Edward Luciano was already 11 hours deep into his shift as a subway motorman for the Brooklyn Rapid Transit Company (BRT) when he agreed to an appealing offer: a $20 bonus and a raise to take one more route, a rush hour train to Brighton Beach. The decision would cost at least 93 people — perhaps as many as 102 — their lives.

For in one fateful moment, at 6:42 p.m. on November 1, 1918, running the route from Park Row to Coney Island, Luciano’s train barreled along at 30 miles an hour along a six-mile-an-hour curve. This sent his train off the rails as it entered a tunnel overpass by Malbone Street, crashing into the concrete partition. It was not only the deadliest train accident in the history of the New York City subway, but one of the worst railway disasters ever in America.

As is often the case, this devastating and severe accident was made possible by a constellation of misfortunes and mishaps. The day of the accident — the first of the month of November — corresponded with the start of the strike of the Brotherhood of Locomotive Engineers. The strike followed Brooklyn Rapid Transit company’s ousting of 29 employees who began organizing. The day before, New York City mayor John Francis Hylan, himself a former BRT employee (he was fired for operating his train recklessly) and labor sympathizer, told the transit company that all motormen on elevated and subway lines voted for a strike effective at 5 a.m.

In the days of private ownership of New York City transportation, strikes were not uncommon.
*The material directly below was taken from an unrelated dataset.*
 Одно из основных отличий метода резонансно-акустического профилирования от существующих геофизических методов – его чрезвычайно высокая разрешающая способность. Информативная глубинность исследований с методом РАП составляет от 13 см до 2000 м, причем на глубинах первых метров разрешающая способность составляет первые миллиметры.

The trains still ran the next day, and nonunion company employees scrambled to fill positions. One such worker was a train dispatcher, 23-year-old Edward Luciano, who went by the name of Anthony Lewis to dodge anti-Italian prejudice. He was in less than ideal condition for a long day; he was weak after recently recovering from the Spanish flu, and only a few days prior his infant daughter perished from the epidemic.

Workers in the tunnel after the derailment. (NYC Transit Authority)

Luciano began his shift at five in the morning on November 1. He was to be a motorman of a five-car train to shuttle between downtown Manhattan and south Brooklyn. Ideally, before driving an occupied train, an apprentice was to shadow a motorman for 60 hours, but no such education was available to fill-ins the day after the strike. Before boarding, Luciano was given a two-hour training session. Aside from some work operating trains in the yard, he had no experience as a motorman, and had never operated a locomotive on a full, passenger-bearing route.

Yet for all his inexperience, Luciano successfully operated his route from Park Row on the Manhattan side of Brooklyn Bridge to Coney Island for an entire shift. Then, as rush hour on that Friday began, his supervisor at Culver Depot in Brooklyn requested he run one more route, this time on an entirely new line to Brighton Beach. Luciano accepted the task, and the extra pay that went with it.

The green motorman’s incompetence was not all there was to blame on the astounding carnage of accident. He was not responsible for being given dangerous wooden train cars with steel undercarriages, nor was he at fault that four of the five were made before 1889.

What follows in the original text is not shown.